Activity:
Scan the entries for lines with "الوباء" and say how many there are, with nothing more.

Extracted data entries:
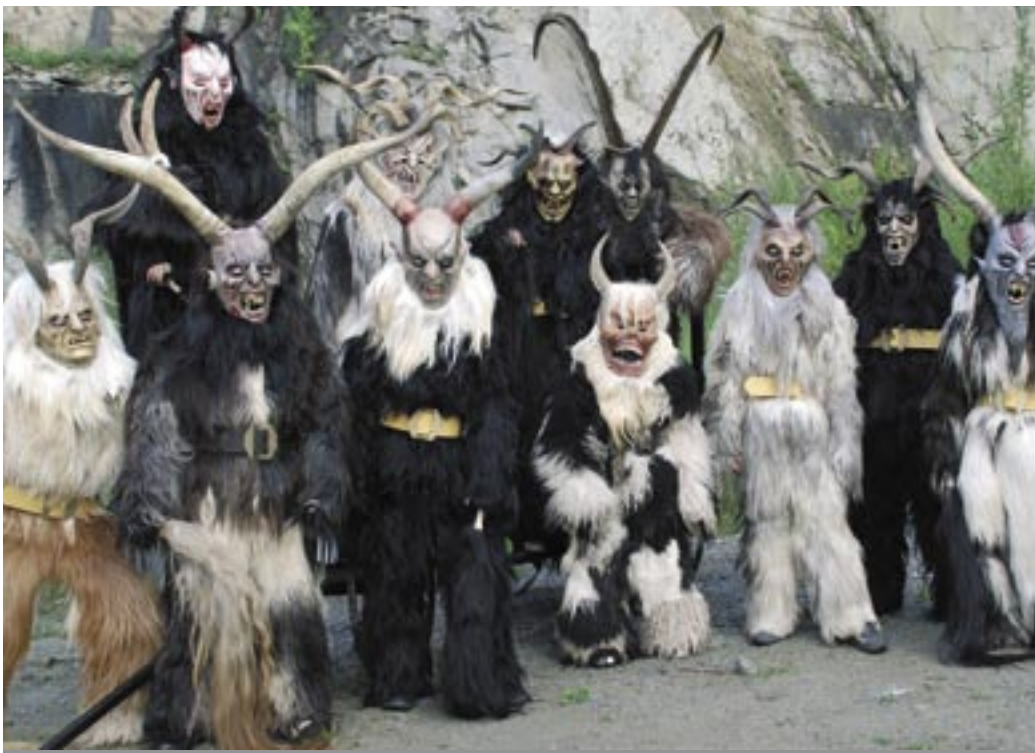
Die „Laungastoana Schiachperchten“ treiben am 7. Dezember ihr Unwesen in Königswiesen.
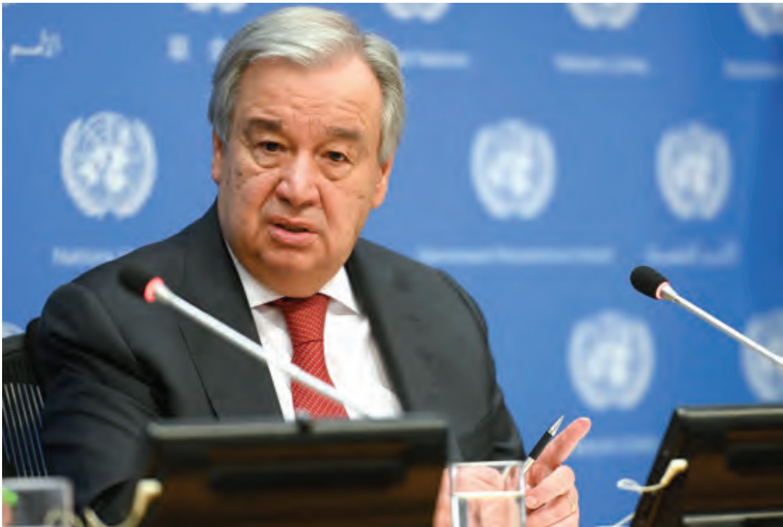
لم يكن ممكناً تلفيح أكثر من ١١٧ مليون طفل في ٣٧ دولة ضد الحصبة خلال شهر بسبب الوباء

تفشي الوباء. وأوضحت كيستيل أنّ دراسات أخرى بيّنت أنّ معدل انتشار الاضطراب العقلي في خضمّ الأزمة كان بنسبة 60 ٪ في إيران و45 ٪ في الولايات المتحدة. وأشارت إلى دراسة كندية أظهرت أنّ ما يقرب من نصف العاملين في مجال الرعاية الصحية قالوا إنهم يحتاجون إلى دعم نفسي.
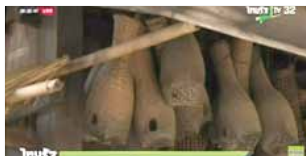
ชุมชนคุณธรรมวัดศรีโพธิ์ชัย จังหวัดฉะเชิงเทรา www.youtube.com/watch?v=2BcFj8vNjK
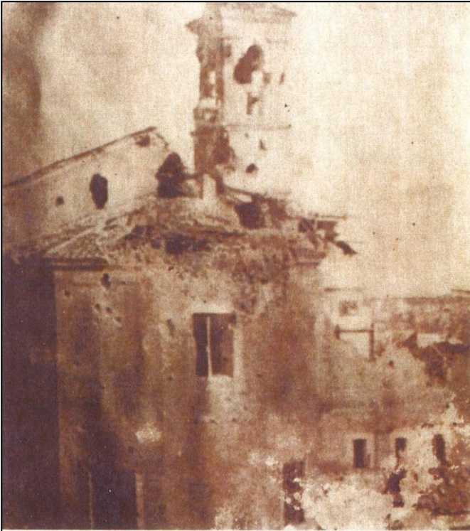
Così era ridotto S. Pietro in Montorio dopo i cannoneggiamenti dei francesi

Final answer:
2